Es una tarea inmensa pero ilusionante, posible aunque se deben dejar muchos pelos en la gatera, capaz de que los partidos políticos escuchen, de verdad, a gentes que saben de estos temas, de equilibrio en la población, que escuchen, de verdad, a plataformas vecinales, ciudadanas y rurales. Y que las conclusiones que salgan de ese estudio de planificación se lleven a cabo mediante un pacto completo de partidos a veinticinco años en los aspectos que salgan y en las maneras que determinen.


Notas:
** Cuando se habla de servicios en una de esas localidades locomotoras de la zona, subcomarca o comarca comentada, territorio enmarcado en, más o menos quinientos kilómetros cuadrados, se habla de lo siguiente:
Servicio sanitario: al menos de un centro de salud con media docena de médicos tanto de medicina general como algún especialista. Media docena de enfermeros-as y el suficiente personal auxiliar. Ambulancia medicalizada, posibilidad en el centro de realizar las pruebas médicas básicas (análisis, rayos, escáner), urgencias 24 horas. Obligatoriedad mediante incentivos de diversa índole para empadronarse todos los funcionarios.
Servicios educativos: Colegio de cero a 16 años. Bilingüe. Aspectos deportivos completos y cubiertos. Servicio de comedor. Instituto con opción de letras y ciencias, pero también y esencial, con ciclos medios y superiores de Formación Profesional. Obligatoriedad, mediante incentivos diversos, de los profesionales en su empadronamiento en ese pueblo o en uno de los de alrededor.
Servicios administrativos medios. Juez. Administración de primera instancia en Justicia.
Cultura: cine-teatro con programación regular. Ayudas al asociacionismo. Vertebrar las administraciones con el personal del Instituto para ciclos de conferencias, teatros, charlas, presentaciones, libros, etc. Obligatoriedad mediante incentivos del empadronamiento de funcionarios.

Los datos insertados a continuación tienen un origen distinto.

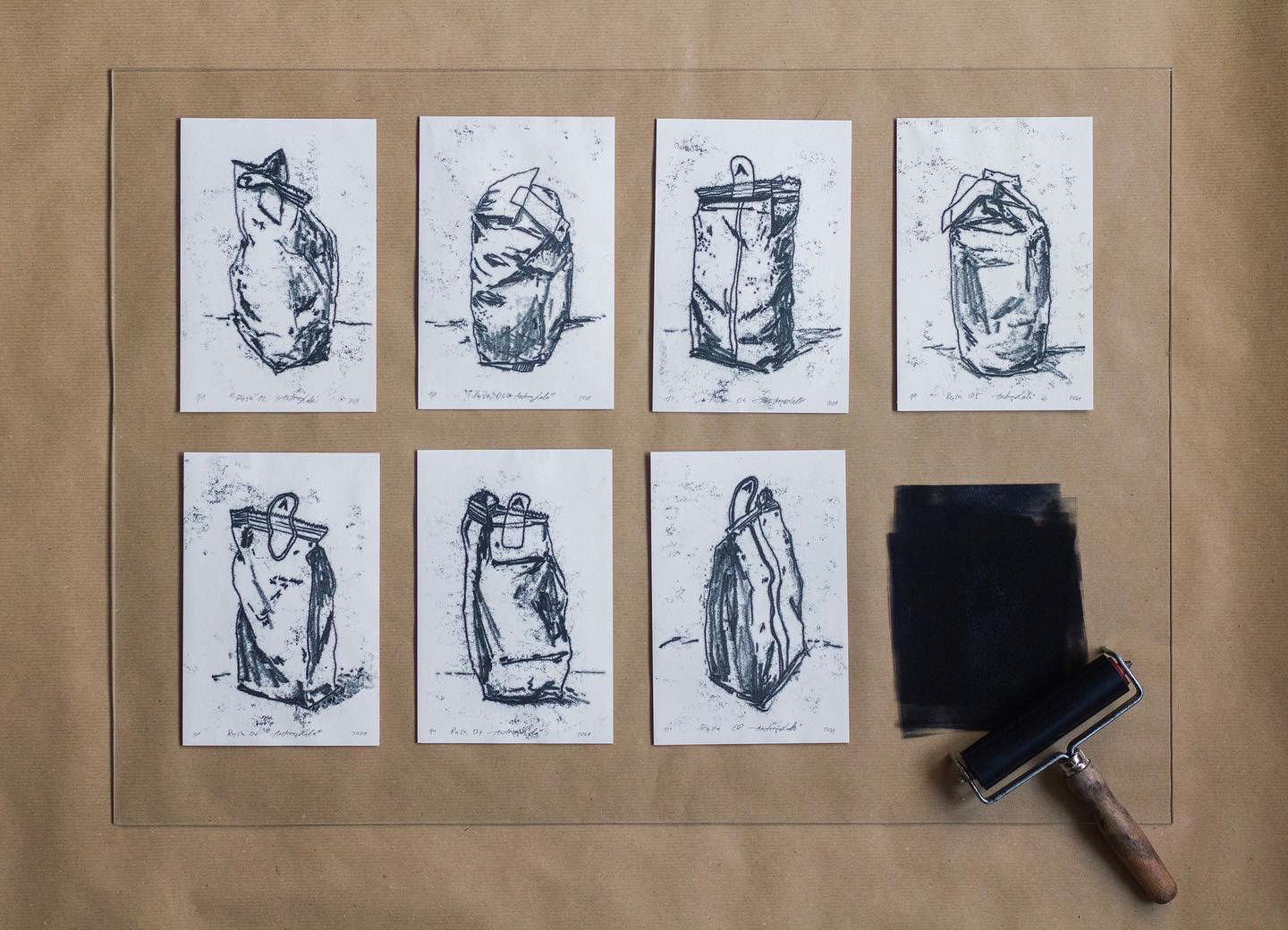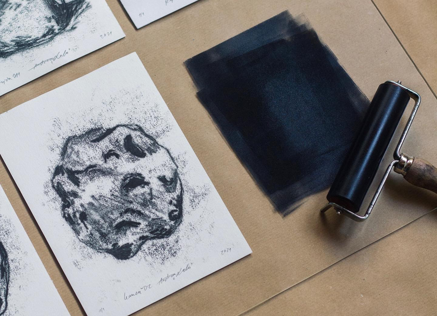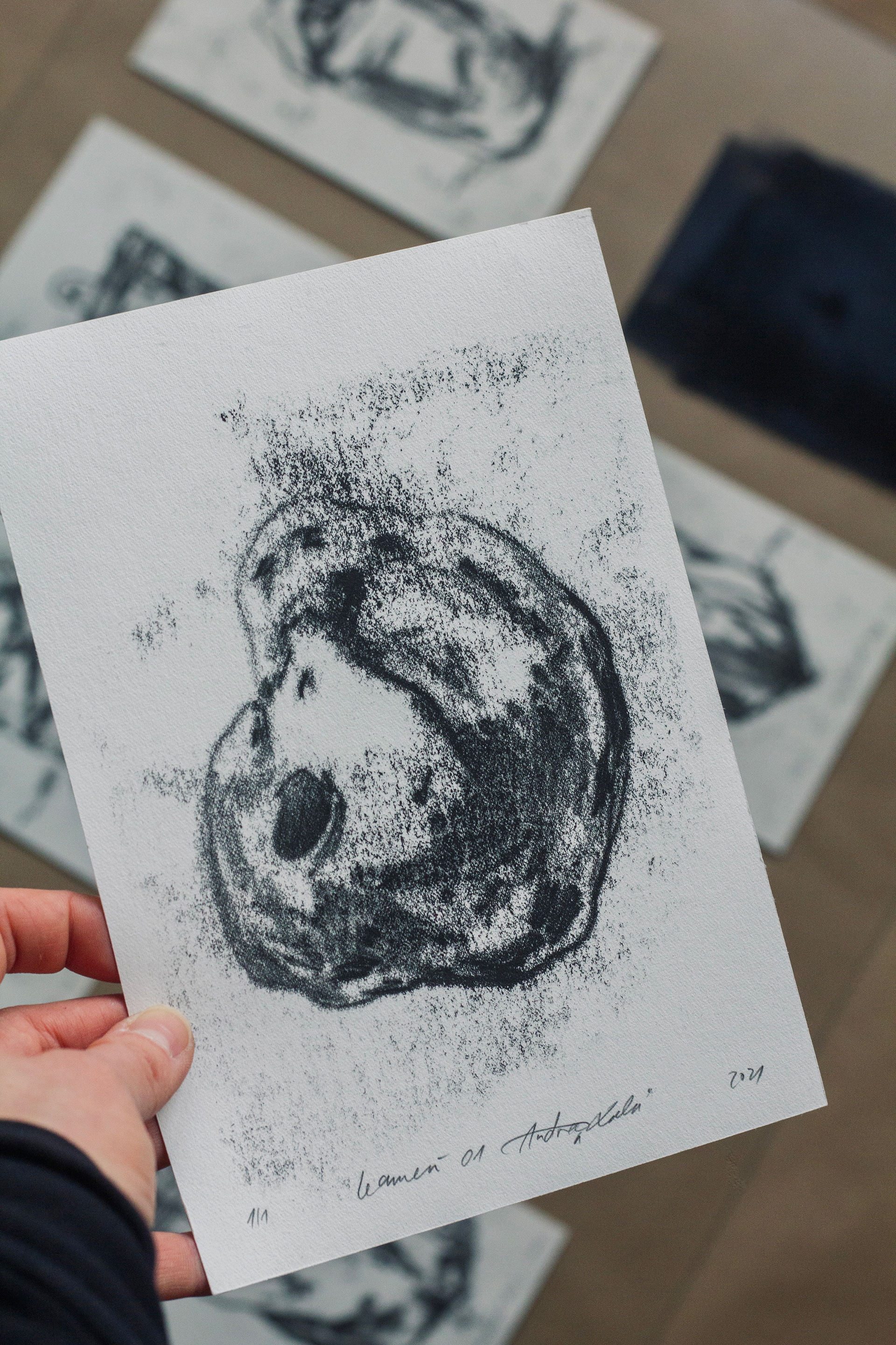 Monotype print rice and stones

Comercio: incentivar el comercio local de manera que este sea suficiente como para cubrir el 80% de las necesidades del pueblo y de la zona de influencia.
Ocio y deporte: Incentivar cuantos proyectos existan o puedan existir de asociacionismo para el ocio y el deporte. Centro deportivo con pistas (tenis-pádel-deportiva de competición-polideportivas cubiertas, piscina, gimnasio cubierto, Monitores incluidos. Obligatoriedad de empadronamiento mediante incentivos diversos.
Seguridad: Cuartel de policía o de Guardia Civil en el pueblo.
Comunicaciones físicas: enlace mediante ferrocarril y/o autobuses al centro regional y al centro provincial. Dar atención preferente al ferrocarril siempre que sea posible. Comunicaciones lógicas: servicio de mañana y servicio de tarde/noche. Capaz de hacer las gestiones en el día en el sitio que sea.
Comunicaciones de red: Servicio de telefonía en todo el territorio. Servicio de internet por cable/fibra en todo el territorio de gran velocidad.
Servicios bancarios: obligación de las entidades bancarias, mediante ley, de estar presencialmente con una oficina, al menos, en ese municipio. Necesidad de una banca pública para hacerla efectiva por el mero hecho de competencia.
Hostelería: equilibrar y mejorar la oferta hostelera mediante el apoyo de una oficina de Turismo pública abierta en el municipio. Intervenir desde la administración municipal para que dicha oferta sea mejorable y sostenible.